Zygmunt ukończył szkolenie i przyszła pora na wykorzystanie zdobytych umiejętności w pracy. A praca niełatwa, bo mężczyzna jest diabłem i trafia do najpospolitszego miejsca w Polsce, gdzie ma siać zamęt. Zygmunt szybko spostrzega, że jego diabelskie moce szwankują, za co wini Wypluty. Punkty zdobywane za dotychczasową pace są tak marne, że w rankingu raczej nie zdobędzie pierwszego miejsca. Diabeł odkrywa, że nic nie jest takie, jak się spodziewał, a mieszkańcy miasta to nie tylko ludzie, co nasuwa pytanie.

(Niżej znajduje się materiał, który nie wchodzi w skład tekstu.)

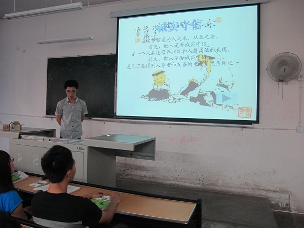 为了加强同学们的诚信意识,培养德才兼备的优秀人才。让同学们从思想上重视道德,从行动上体现道德,从奉献中感悟道德,从成长中体验道德,计科公司各班分别于上星期召开了以‘加强道德建设,提高自身素质’为主题的主题班会。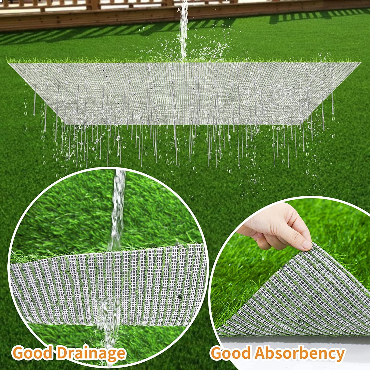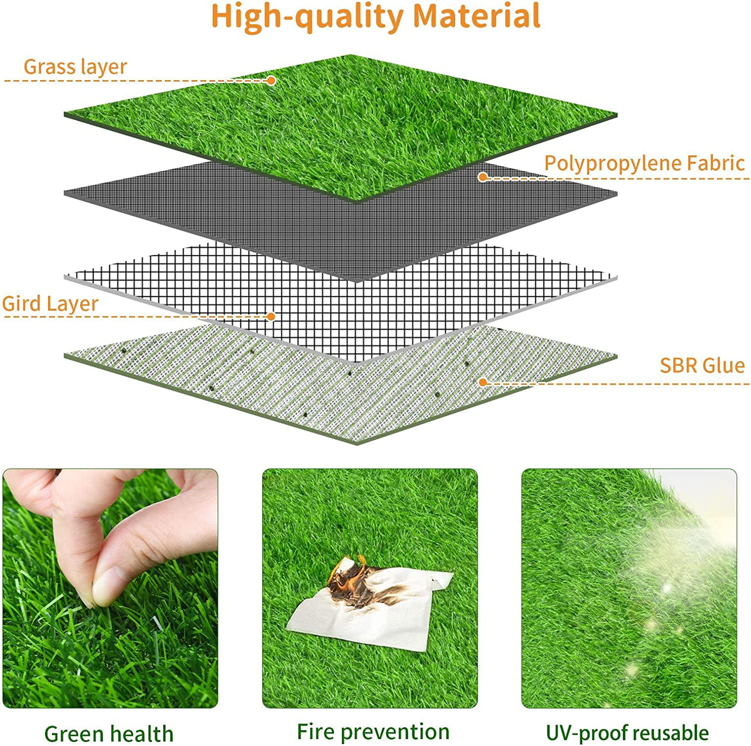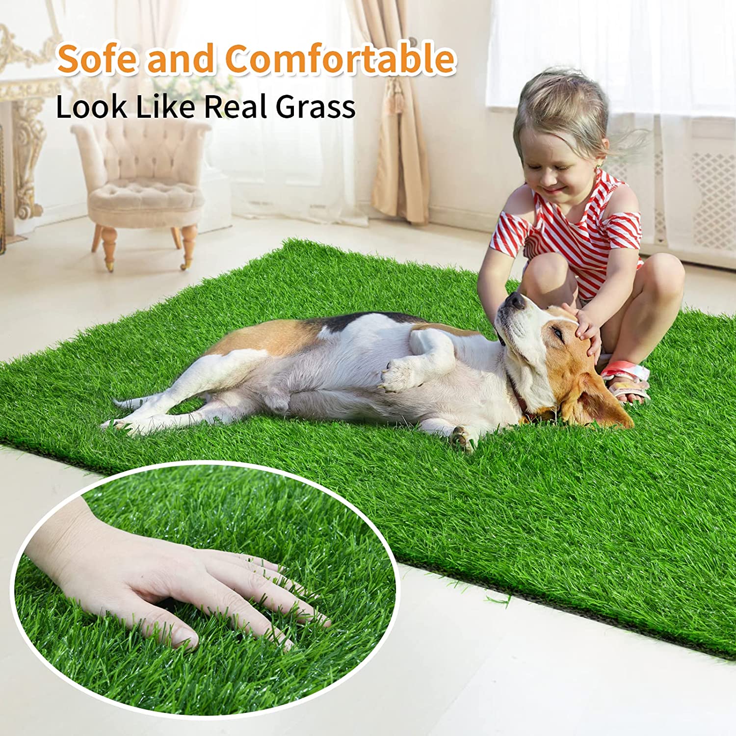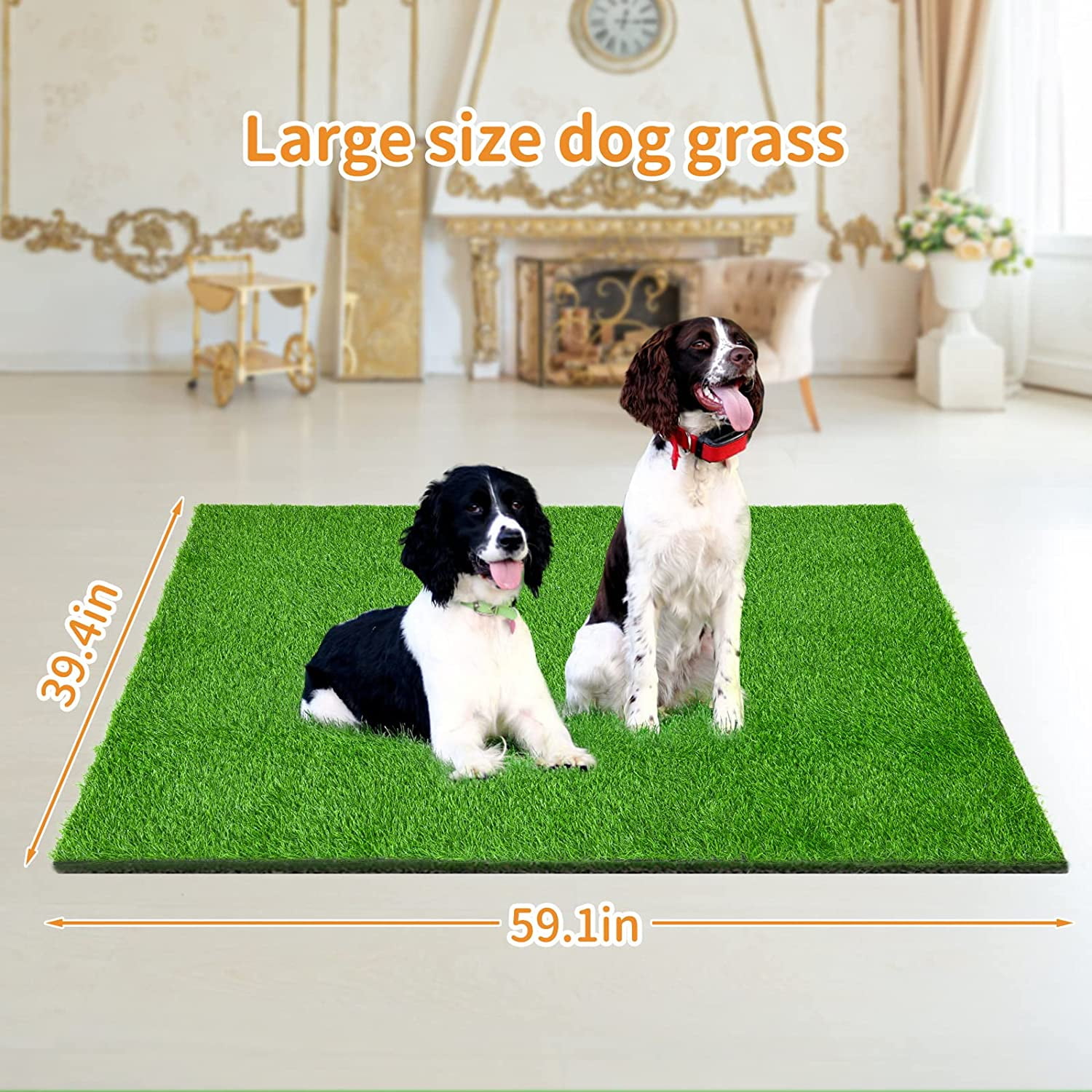 Artificial Grass Potty Training Pad: The grass pee mat for dogs measures 39 x 59 inches. It offers a cost-effective solution for potty training your pup, particularly for dog owners residing in buildings or older puppies with limited mobility. A pee pad grass makes dog potty training a breeze, saving you time and frustration. Get your artificial grass for dogs today! Drainage Holes Design: Artificial grass pee pad for dogs with drainage holes, it’s highly permeable and can quickly drain the liquid to avoid soiling the pet’s paw, so that it can prevent odors and keep the area clean. The super soft and lush pet grass is ideal for your furry friend to play on all day. Multifunctional Washable Potty Grass Mat: Our replacement artificial turf for dogs is lightweight, portable, and soft, making it suitable for use in various places such as garages, hallways, balconies, porches, patios, or gardens. The important thing is that you don’t have to take your pets to the outdoor toilet in bad weather. Meanwhile, It’s an excellent way to protect real grass and keep your outdoor spaces looking neat and tidy. Easy to Clean: The dog fake grass pad is very easy to clean and washable multiple times, just use a hose to clean it up. The lightweight and portable design requires no watering, mowing, or fertilizing, making it an extremely low-maintenance option. It can save money and reduce waste with a washable and reusable grass training pad. Safe for pets and children.

Czy przystojny diabeł z misją pozyskania nowych dusz, to najgorsza rzecz, jaka mogła przytrafić się mieszkańcom Wyplut?
Piekło zostało pokazane w dość niecodzienny sposób, bo wielka korporacja i wyścig szczurów jakoś szczególnie nie przeraża, a tak właściwe to bawi, bo jak się nie śmiać, kiedy Zygmunt jest szczerze załamany ilością otrzymanych punktów?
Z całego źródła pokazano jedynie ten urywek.